DR. FEI-FEI LI: So between 2009 we published this tiny little CVPR poster. In 2009-2012, AlexNet, that there were three years that we really believe that data will drive AI, but we had very little signal in terms of if that was working.

So we did a couple of things. One is we open sourced, we believed from the get go we have to open source this to the entire research community for everybody to work on this. The other thing we did is we created a challenge because we want the whole world’s smartest students and researchers to work on this problem. So that was what we call the ImageNet Challenge.

So every year we release a testing data set. Well, the whole ImageNet is there for training, but we release testing and then we invite everybody openly to participate. And then the first couple of years was really setting the baseline. You know, the performance was in a 30% error rate. It wasn’t zero or I mean it wasn’t completely random, but it wasn’t that great.

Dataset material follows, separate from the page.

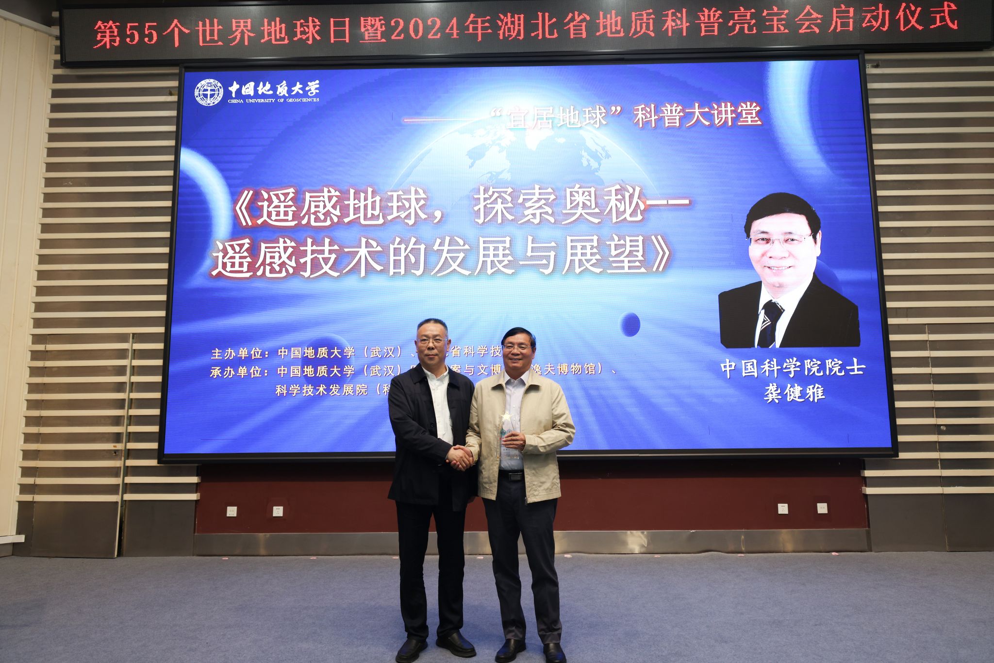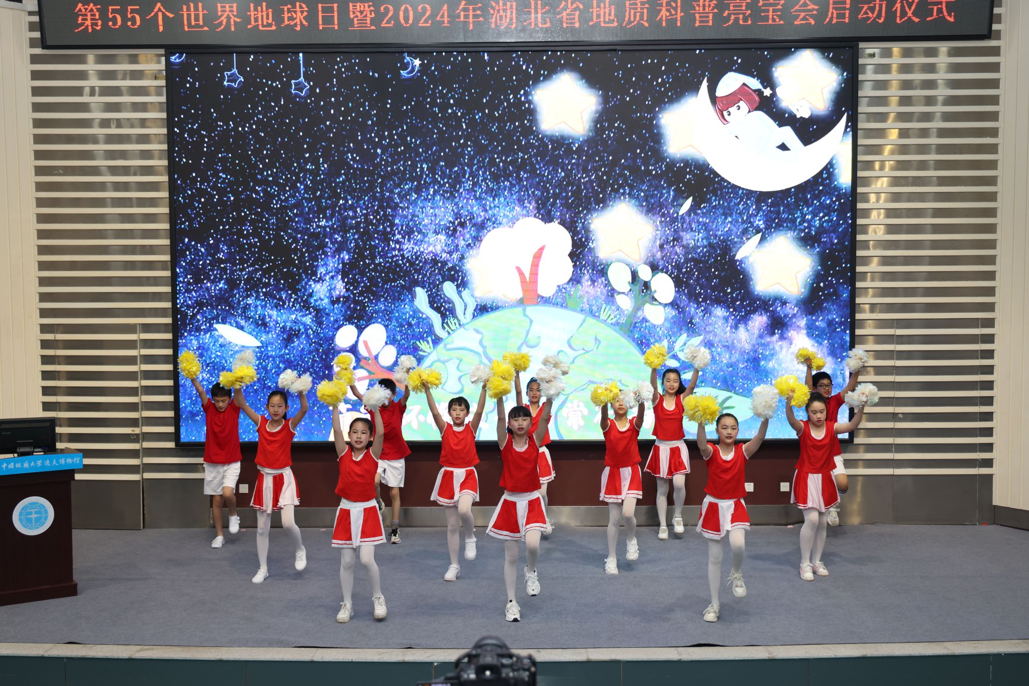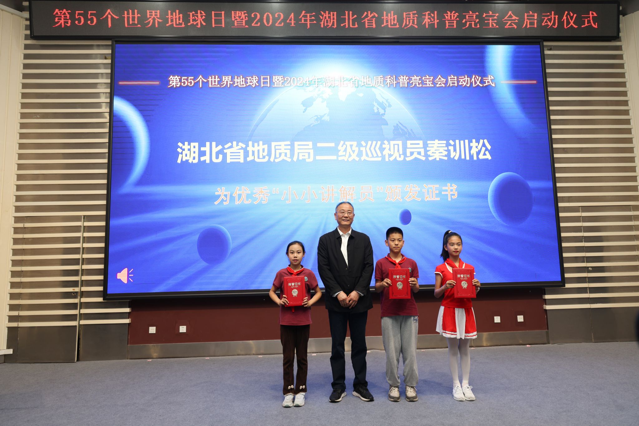 唐忠阳、吴骏、孙建刚、薛明、秦训松、图书档案与文博部部长帅斌、科学技术发展院副院长黄祥嘉及学生代表共同开启屏幕,宣布第55个世界地球日暨2024年湖北省地质科普亮宝会活动正式启动。

But the third year, 2012, I wrote this in a book that I published, but I still remember it was around the end of summer that we were taking all the results of ImageNet challenge and running it on our servers. And I remember it was late night one day I got a ping from my graduate student. I was home and said, we got a result that really, really stand out and you should take a look.

And we looked into it. It was convolutional neural network. It wasn’t called AlexNet at that time. That team, that Geoff Hinton team, was called Super Vision.